### [Exercise directions]
When you reach the line containing "Køkkenvandhanen er fremstillet" in the entries below, begin reproducing lines exactly, and stop once the line containing "Vampire Art Retro" is done.

### [Material shown]
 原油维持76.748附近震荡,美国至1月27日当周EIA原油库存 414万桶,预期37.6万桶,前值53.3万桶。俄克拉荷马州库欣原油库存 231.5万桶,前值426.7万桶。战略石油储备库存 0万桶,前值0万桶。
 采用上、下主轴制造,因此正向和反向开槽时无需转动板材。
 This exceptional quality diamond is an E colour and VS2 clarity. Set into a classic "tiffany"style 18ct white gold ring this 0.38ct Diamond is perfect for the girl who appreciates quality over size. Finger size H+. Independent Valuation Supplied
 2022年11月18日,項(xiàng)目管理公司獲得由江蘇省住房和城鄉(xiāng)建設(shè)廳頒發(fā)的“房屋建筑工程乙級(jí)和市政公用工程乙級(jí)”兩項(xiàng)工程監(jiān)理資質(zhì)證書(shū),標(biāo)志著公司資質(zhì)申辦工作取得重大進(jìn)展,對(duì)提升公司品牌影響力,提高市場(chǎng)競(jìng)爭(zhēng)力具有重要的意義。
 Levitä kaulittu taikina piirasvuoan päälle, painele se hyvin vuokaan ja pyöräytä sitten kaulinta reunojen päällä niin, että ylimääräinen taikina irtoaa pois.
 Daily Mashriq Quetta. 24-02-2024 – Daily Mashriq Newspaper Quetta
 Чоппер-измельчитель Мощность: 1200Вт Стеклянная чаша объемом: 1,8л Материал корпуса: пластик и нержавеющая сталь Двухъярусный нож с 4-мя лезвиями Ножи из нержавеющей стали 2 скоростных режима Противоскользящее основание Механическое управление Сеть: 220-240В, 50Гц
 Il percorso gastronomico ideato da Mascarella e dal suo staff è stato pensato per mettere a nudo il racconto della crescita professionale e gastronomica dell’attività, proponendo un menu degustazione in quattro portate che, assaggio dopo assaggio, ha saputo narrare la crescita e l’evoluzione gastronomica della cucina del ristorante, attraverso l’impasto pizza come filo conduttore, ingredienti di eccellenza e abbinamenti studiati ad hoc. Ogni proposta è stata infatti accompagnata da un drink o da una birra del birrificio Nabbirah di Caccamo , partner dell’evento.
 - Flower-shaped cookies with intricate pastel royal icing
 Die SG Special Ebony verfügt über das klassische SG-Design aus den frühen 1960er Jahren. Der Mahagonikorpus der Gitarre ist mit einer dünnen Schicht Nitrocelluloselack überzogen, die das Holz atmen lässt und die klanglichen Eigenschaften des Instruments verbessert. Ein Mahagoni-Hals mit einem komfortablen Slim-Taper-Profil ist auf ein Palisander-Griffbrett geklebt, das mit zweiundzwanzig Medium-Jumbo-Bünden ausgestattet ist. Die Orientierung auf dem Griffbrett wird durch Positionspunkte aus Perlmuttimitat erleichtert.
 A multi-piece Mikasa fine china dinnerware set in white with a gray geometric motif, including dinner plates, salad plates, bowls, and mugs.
---
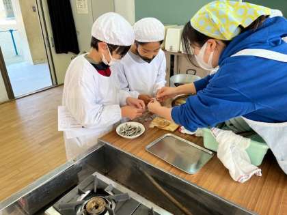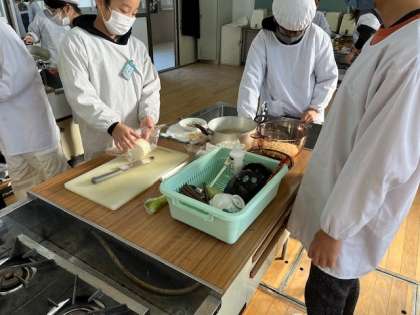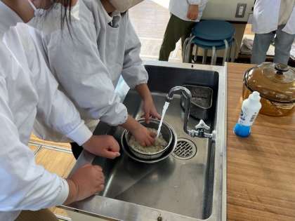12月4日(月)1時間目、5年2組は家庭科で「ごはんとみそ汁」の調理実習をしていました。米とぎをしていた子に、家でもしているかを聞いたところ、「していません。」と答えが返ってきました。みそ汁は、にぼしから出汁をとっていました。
--
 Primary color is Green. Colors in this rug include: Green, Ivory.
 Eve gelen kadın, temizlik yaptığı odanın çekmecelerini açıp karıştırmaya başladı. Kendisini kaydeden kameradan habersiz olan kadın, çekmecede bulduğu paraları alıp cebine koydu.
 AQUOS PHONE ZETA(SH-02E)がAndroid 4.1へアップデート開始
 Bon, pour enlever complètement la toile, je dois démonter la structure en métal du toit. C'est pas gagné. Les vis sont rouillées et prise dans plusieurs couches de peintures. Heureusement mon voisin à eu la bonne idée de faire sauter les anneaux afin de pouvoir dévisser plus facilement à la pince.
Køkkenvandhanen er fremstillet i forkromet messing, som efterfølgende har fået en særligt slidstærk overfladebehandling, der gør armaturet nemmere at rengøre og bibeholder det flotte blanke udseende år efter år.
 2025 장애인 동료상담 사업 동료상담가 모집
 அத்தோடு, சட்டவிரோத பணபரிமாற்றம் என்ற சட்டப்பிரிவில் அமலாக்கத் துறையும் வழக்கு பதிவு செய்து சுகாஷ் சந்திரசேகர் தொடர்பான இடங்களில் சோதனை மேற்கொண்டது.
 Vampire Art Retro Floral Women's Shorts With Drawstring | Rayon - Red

### [Solution to the exercise]
Køkkenvandhanen er fremstillet i forkromet messing, som efterfølgende har fået en særligt slidstærk overfladebehandling, der gør armaturet nemmere at rengøre og bibeholder det flotte blanke udseende år efter år.
 2025 장애인 동료상담 사업 동료상담가 모집
 அத்தோடு, சட்டவிரோத பணபரிமாற்றம் என்ற சட்டப்பிரிவில் அமலாக்கத் துறையும் வழக்கு பதிவு செய்து சுகாஷ் சந்திரசேகர் தொடர்பான இடங்களில் சோதனை மேற்கொண்டது.
 Vampire Art Retro Floral Women's Shorts With Drawstring | Rayon - Red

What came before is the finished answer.